Results on CASP14 targets

RosettaCommons / RoseTTAFold

This package contains deep learning models and related scripts for RoseTTAFold

MIT License

1.98k stars 435 forks source link

Results on CASP14 targets #18

Open jiaxiang-wu opened 3 years ago

jiaxiang-wu commented 3 years ago

I am running some experiment with RoseTTAFold on CASP14 targets, but are uncertain about a few detailed settings:

Input FASTA sequences. Do you use per-chain FASTA sequences as provided on the CASP14 website (w/o official domain definitions), or do you use per-domain FASTA sequences (cropped from per-chain sequences using official domain definitions)? If the latter one is the case, how do you deal with discontinuous domains, e.g. T1027-D1?
Sequence/template databases. For experiments on CASP14 targets, is it correct to use following databases (to prevent data leakage)?
- UniRef30 @ 2020-03: http://wwwuser.gwdg.de/~compbiol/uniclust/2020_03/
- BFD: https://bfd.mmseqs.com/
- PDB100 @ 2020-03: https://files.ipd.uw.edu/pub/RoseTTAFold/pdb100_2020Mar11.tar.gz
Do we need to modify run_e2e_ver.sh and/or run_pyrosetta_ver.sh (or any other scripts), so as to reproduce results as reported in the paper?

Could you clarify above questions? Many thanks in advance.

minkbaek commented 3 years ago

I just added a link for CASP14 results to the README.md file (link -- https://files.ipd.uw.edu/pub/RoseTTAFold/casp14_models.tar.gz) It includes input MSA and template (hhr and atab) files as well as five RoseTTAFold models for each target.

jiaxiang-wu commented 3 years ago

Thanks for your feedback. So you are using per-chain FASTA sequences as inputs (since provided results are for per-chain, not per-domain inputs), which resolves my first question.

Are sequence/template databases (UniRef30 / BFD / PDB100) mentioned above correct?
Is it expected that if I run run_pyrosetta_ver.sh as it is, without any modification to the repo, I should be able to get the same/similar results as provided? Or should I modify some hyper-parameters settings in the repo?

minkbaek commented 3 years ago

Yes, I'm using per-chain FASTA sequences as inputs (For T1031,33,35,37,39,40-43, they are domains from single protein, T1044. I modeled them together as a single protein (T1044) and split them into corresponding targets for evaluation. I used UniRef30 2020-01, BFD, and pdb100_2020Mar11. The input MSA generation was slightly different from what we're using now for the Robetta web-server (the version posted in this repo).

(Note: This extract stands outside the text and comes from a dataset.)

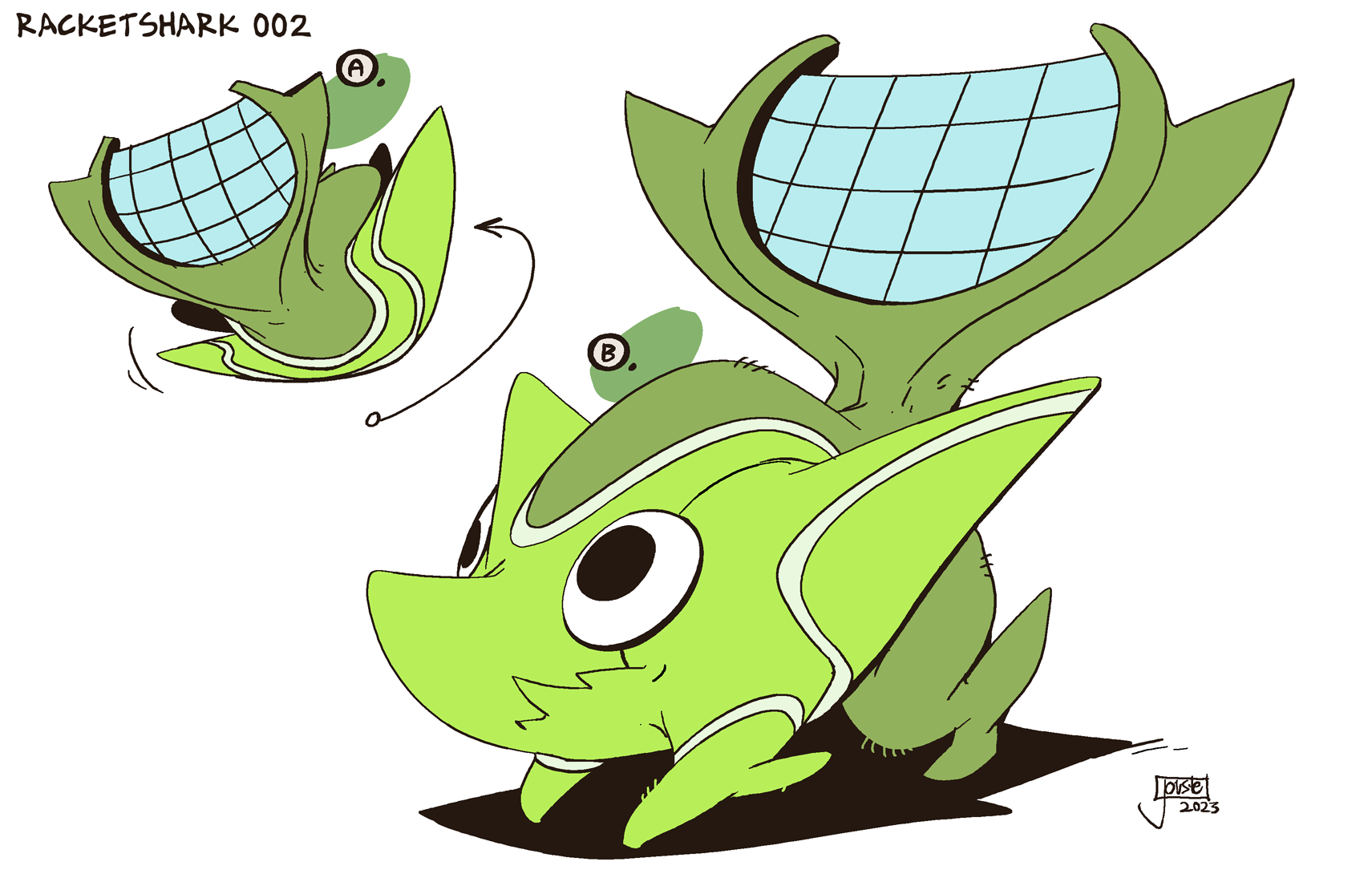 The large shark was based on thresher sharks, which use their tail to create underwater shockwaves (incredibly cool). Alexis imagined the tail as a massive implement that could thwack the ball super hard, and then drew up a cute little baby version to go with it. I found some process drawings for the little shark, who we called Shuppy: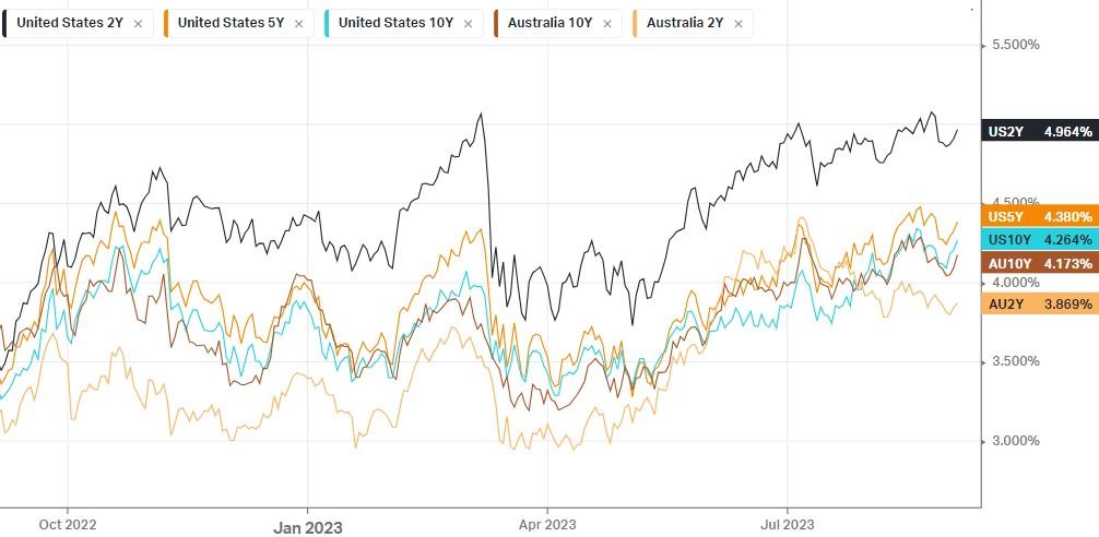 The ASX is in for another heavy day despite rising Iron ore prices and the RBA pause yesterday. Investors are beginning to realise whilst the softening economic numbers are positive in terms of a peak in rates, they are just that, weakening economic numbers, as the second steepest hiking cycle in history starts to bare teeth on the economy. China’s string of soft numbers was also extended yesterday with services PMI lower than expected, however the likely bond payment from Country Garden allayed fears of a default from one of the worlds largest property developers.

Basically, it uses more fine-grained e-values (from e-80 to e-1) for sequence search. Also, we generated 45 models using pyrosetta script rather than 15 for CASP14 benchmarks. When we tested these changes (simplifying sequence search, reducing the number of structures to sample) on the test cases, there were no big differences and we were able to get similar results. But, I recommended using provided MSA and templates if you want to reproduce/make a fair comparison to other neural networks.

jiaxiang-wu commented 3 years ago

Got it. Thanks for your detailed explanation. Closing the issue.

jiaxiang-wu commented 3 years ago

Hi Baek, For the "casp14_models.tar.gz" file attached above, I am wondering whether the five models provided for each target are ranked in order (by Rosetta energy?), i.e. the first model is the "best" model in terms of the Rosetta energy.